To mitigate vulnerability to soft errors in such configuration memories, redundant intend methods such as duplication with comparison (DWC) and triple-module redundancy (TMR) can be used for mission-critical space applications [5]. Built-in TMR mechanism can accumulate soft errors and produce faulty results when two copies of any module in FPGA fail. An alternate method of cyclic redundancy check (CRC) based configuration read back is used to detect the soft error in recent 7 Series Xilinx devices (Kintex-7 and Zynq-7000) [7–10]. The above method relies on external nonvolatile radiation hardened memory which stores the golden copy of configuration data. Accessing configuration data from external memory incur an extra delay and degrades the performance.

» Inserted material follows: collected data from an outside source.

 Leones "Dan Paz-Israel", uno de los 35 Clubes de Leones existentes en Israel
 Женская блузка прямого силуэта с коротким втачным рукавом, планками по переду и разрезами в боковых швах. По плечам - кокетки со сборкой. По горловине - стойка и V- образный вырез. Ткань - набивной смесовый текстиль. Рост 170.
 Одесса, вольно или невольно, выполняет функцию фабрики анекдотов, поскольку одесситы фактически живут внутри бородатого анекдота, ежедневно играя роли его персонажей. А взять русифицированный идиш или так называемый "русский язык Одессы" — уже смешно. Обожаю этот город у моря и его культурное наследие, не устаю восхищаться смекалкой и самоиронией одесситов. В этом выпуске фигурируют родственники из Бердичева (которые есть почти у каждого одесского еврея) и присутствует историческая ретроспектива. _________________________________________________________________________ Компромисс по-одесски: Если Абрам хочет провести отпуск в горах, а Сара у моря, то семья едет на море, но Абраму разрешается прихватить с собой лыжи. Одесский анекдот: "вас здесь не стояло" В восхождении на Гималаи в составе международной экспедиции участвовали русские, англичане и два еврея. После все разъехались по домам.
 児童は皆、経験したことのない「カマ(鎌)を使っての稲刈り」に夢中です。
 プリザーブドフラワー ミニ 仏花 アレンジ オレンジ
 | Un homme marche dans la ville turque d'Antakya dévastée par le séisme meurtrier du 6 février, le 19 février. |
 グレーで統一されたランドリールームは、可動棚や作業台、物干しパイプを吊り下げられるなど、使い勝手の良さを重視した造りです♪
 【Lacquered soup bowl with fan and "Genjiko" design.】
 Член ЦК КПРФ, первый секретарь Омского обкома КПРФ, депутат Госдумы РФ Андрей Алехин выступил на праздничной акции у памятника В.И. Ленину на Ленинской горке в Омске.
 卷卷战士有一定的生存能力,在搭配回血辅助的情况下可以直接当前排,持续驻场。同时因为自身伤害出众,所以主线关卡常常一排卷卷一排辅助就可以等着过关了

MBU detection is possible by reading back the configuration data from FPGA via internal configuration access port (ICAP) interface, and comparing it with a golden configuration data stored in an external non-volatile memory. For this solution, Xilinx-EDA tools create readback data file (RDF) and mask data file (MDF) for each bit stream file. The MDF is used to mask the readback bits that may change during operation. The word-by-word masking and comparison is a slow procedure and requires accessing the complete configuration golden memory for comparison. In case of mismatch, an error detection ensign must be raised to timely alleviation actions. Both storage overhead and access time for these two files has to be considered at system level, which may not be reasonable for the complex FPGAs. The read back process involves unnecessary delay in accessing external nonvolatile memory to pick up the original configuration data through joint text access group (JTAG) or SELECTMAP interface. Compared to golden reference and comparison technique, performing a CRC check on the readback data, is a faster technique which needs reference CRC codes instead of reference configuration data [13].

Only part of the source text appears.